L’exposition raconte l’histoire de Stefan, qui joue un soir chez lui, « commettant des méfaits » dans un costume de loup (il pourchasse le chien avec une fourchette, etc.) Pour le punir, sa mère l’envoie au lit sans dîner. Dans sa chambre, un mystérieux podium surgit de son imagination, et Stefan part en voyage au pays des Maximonstres (en anglais : The Wild Things). Ce sont des monstres qui peuvent faire peur, mais Stefan les soumet de son regard impérieux, et il est intronisé roi des Choses sauvages. Stefan organise alors « une fête épouvantable », qui dure plusieurs jours1. Il orchestre un défilé d’enfer, un flamboyant carnaval qu’il met en scène sur son podium imaginaire, dans une chapelle romane, à Château-Gontier.

À propos de Stefan, on a déjà souligné sa fascination pour les pièces d’échiquiers anciens, les fantômes folkloriques, les monstres des Jardins de Bomarzo, et les jouets pour bébés. Il aurait regardé, des heures durant, grimacer les visages des gargouilles gothiques sous des trombes d’eau. On murmure qu’il a visionné des dizaines de fois certaines scènes filmées par Ingmar Bergman dans le Septième sceau. Il s’est aussi beaucoup penché sur l’iconographie du Ballet des fées des forêts de Saint-Germain, qui fut dansé au Louvre, en février 1625, par Louis XIII lui-même, dans le rôle d’un 

« vaillant combattant », et par sa cour.2 Chaque créature allégorique retint l’attention de Stefan, qui observa attentivement le costume de Jacqueline-l’Entendue, fée des Estropiés de la Cervelle, de Guillemine-la-Quinteuse, fée de la Musique  ou de Macette-la-Cabrioleuse, fée de la Danse. 

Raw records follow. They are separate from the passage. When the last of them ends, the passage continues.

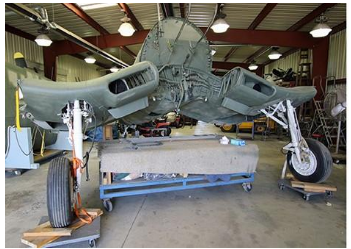
Corsair Restoration progress

First Wednesday of the second month of each quarter. The 2024 meetings will be held on February 7 th ; May 1 st ; August 7 th ; and November 6 th at 5:30pm in a classroom at the LCC Aviation Technology facility.
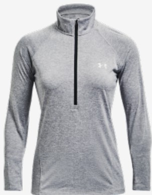
1270525-035 Tech 1/2 Zip - Twist RRP £35/ Village £23,99
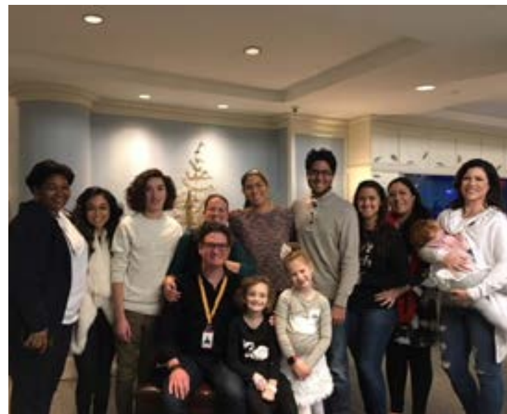
Above: Story on Page 18
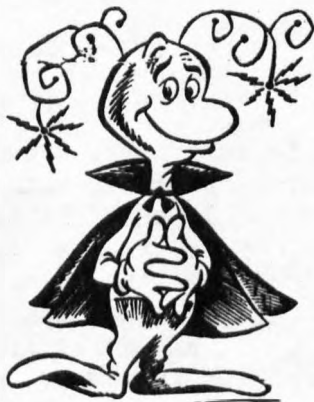
MAN FROM OUTER SPACE?

It is true that my own inquiries fall short of supplying proof of anything, but they do show quite clearly the single purpose of APRO's actions in the case. Not only this, my inquiries show that with additional data it is possible to construct an alternative hypothesis to embrace all the known facts. They also obviate the out of hand denial that the thing could have been a U.S. missile.
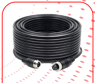
Aviation Cables OX-MCB-5/10/15 M
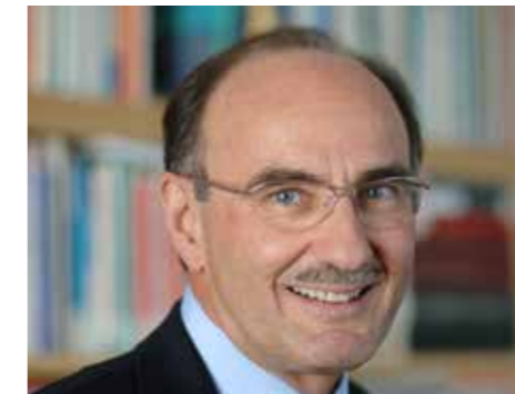
Prof. Felix Gutzwiller, President of the SSPH+ Foundation Board from 2008 to 2012, former Director of the ISPM Zurich (now EBPI), retired since 2013

Il se peut qu’en laissant glisser ses mains sur la pierre, on rencontre beaucoup d’histoires. Celles des statues-menhirs du IIIe millénaire avant J.-C. par exemple : elles entretiennent des conversations avec l’imaginaire de Stefan, avec les chimères minérales qu’il enfante. Ces entités énigmatiques  partagent ainsi leur force monolythe, certains signes anatomiques (cercles, cupules, courbes, carrés), les détails vestimentaires (chevrons, traits pointillés) : des incises simples, pour saisir l’intensité d’un visage, capter l’ombre plus ou moins profonde ou encore le tremblé de la main qui sculpte. Aller à l’essentiel pour arracher au bloc inerte une présence incarnée. Pour cela, et parce qu’il maîtrise tranquillement le substrat artisanal de sa pratique, Stefan a compris qu’il devait savoir s’arrêter : dans cette qualité de retenue, il passe un pacte tacite avec la pierre, pour qu’un équilibre se cherche entre la forme et l’informe, lorsque les éléments peaufinés côtoient les surfaces brutes. À sa manière, chaque sculpture témoigne du non finito relevé chez Rodin — une sorte de réserve, un insu dans le corps même de la sculpture, presque une part d’inconscient.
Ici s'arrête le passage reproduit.